First off, my apologies for not doing a second teleunderwriting essay as promised in June. I decided critical illness insurance (CII) just should not wait. So look for teleunderwriting part two next time.
Just two days before being inspired to pen this overdue essay, this underwriter was addressing an audience of peers on 26th and Madison.
“How many of you know what critical illness insurance is?” A scattering of hands, slowly ascending, as if to say,
“Well, maybe…a little.”
My next question, “What would you say if I told you it was destined for stardom? To be America’s next big insurance product?” A wall of silence, less disconcerting only for the generalized non-defensive body language! Like I said, this essay is just a bit overdue.
Let’s say you’re advised by your physician to have a coronary angioplasty. No emergency—not yet, anyway—but the time has come to widen the old lumen, to turn a phrase. Would just any hospital suffice, as it might for, say, a hemorrhoidectomy? Or, would you be more selective, given the organ involved?
What if you’d just read a paper in a prominent cardiology journal documenting wide hospital-to-hospital variation in mortality associated with angioplasty procedures? As in zero percent mortality in hospital A versus 9.1 percent in hospital B!
Or, what if your last esophagoscopy (ugh) for a Barrett turned up early — and apparently resectable—adenocarcinoma?
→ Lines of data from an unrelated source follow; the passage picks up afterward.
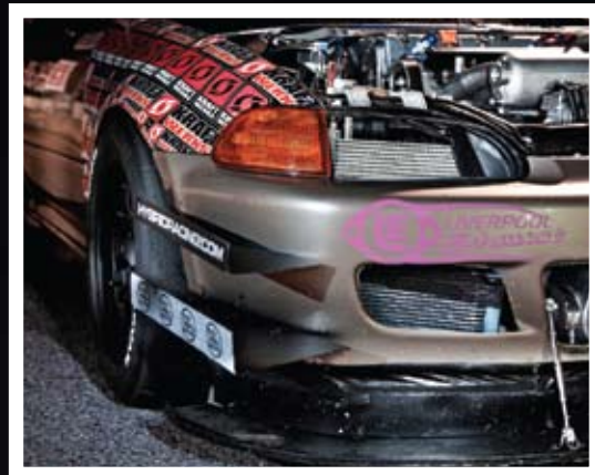
Exterior BYP custom front splitter, canards, rear spoiler brackets & generic wing; Spoon style mirrors, flared, rolled & spaced front fenders; Lexan windows

"The typical modified Honda here in Australia has been built using JDM parts. Over the last couple of years, cars like mine that use American products have demonstrated the capabilities of aftermarket Honda products from the States that cost a fraction of JDM parts. More and more vendors here are stocking aftermarket U.S. products, which is great for the Honda scene in both the U.S. and Australia. I personally like U.S. products because it's easy to call the manufacturer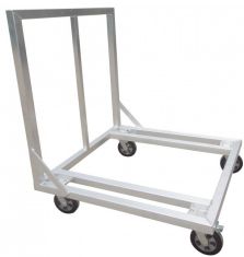
Rolling Stage Dolly Cart Fits up to (8) 4x4 Ft. XSQ Stage Platforms SKU: X-STG-4X4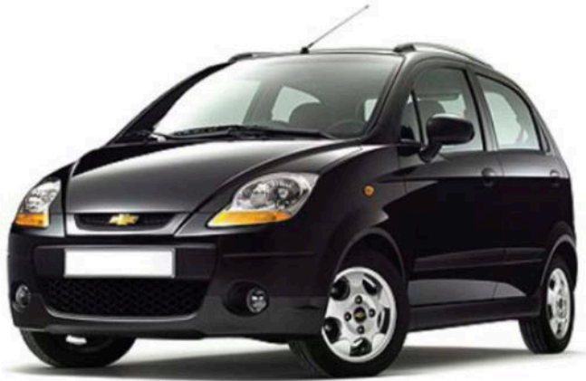
2006 CHEVY SPARK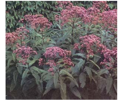
Eupatorium purpureum (Joe-Pye Weed)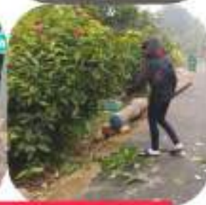
Katharizo Day: FORERUNNER. Date-01/02/2020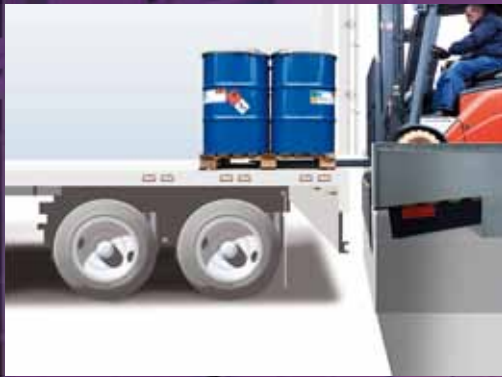
Below Dock Control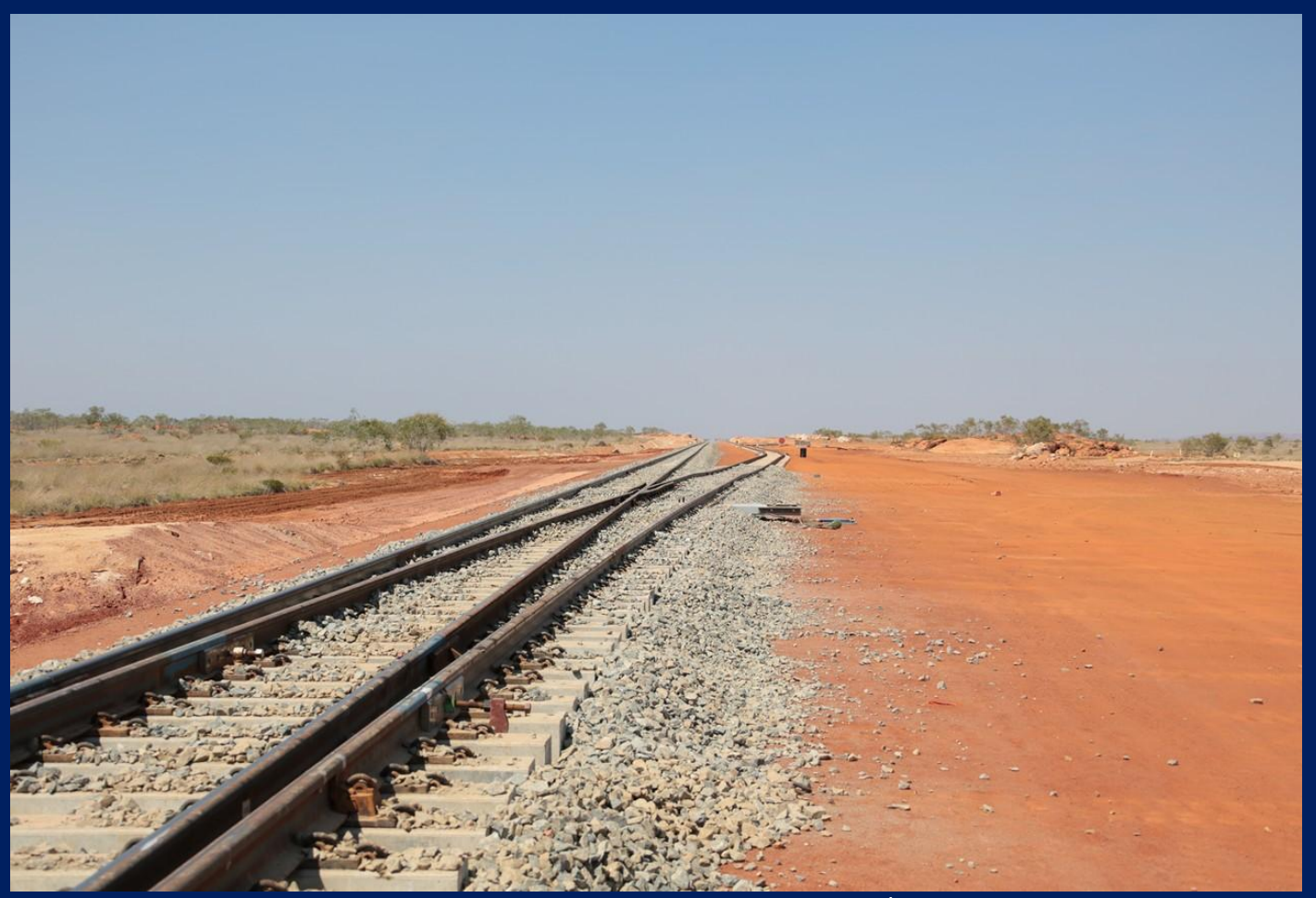
North end of new crossing loop on Roy Hill line at 76km looking south 22/8.

Would you prefer hospital A (with four percent surgical mortality in this procedure) or hospital B (with one death in every 6.5 patients having said surgery)?
Think about it…which hospital would you choose with your life on the line? The operative word, of course, is “choose.” To “choose” in this context means having the bucks to make the call…and avoid being involuntarily sent (triaged? sentenced? damned?) to hospital B.
For most of us, the necessary dollars to make an informed choice will only be available if we have critical illness insurance.
And then there are those experimental therapies; you know, the ones that sometimes cure the “incurable” (I know a wonderful lady and beloved friend who had stage IV ovarian cancer 11 years ago, which just happens to be about four times one’s life expectancy with this disease; it does happen).
For the record, experimental therapies usually have three things in common: they require travel (with an extended stay away from home), they are quite costly, and (need we say) they are rarely if ever covered by garden-variety health insurance.
Once again, critical illness insurance to the rescue…and we haven’t even begun to talk about those other expenses which inevitably accrue from critical illness and unmask previously unappreciated shortcomings in your DI coverage.
Outlast your dread disease (eight of ten survive life-threatening illness), then wish you hadn’t…when you see the financial mess! Not exactly The American Dream.
Now ask again why I say that critical illness insurance is a hand in glove fit in most clients’ portfolios.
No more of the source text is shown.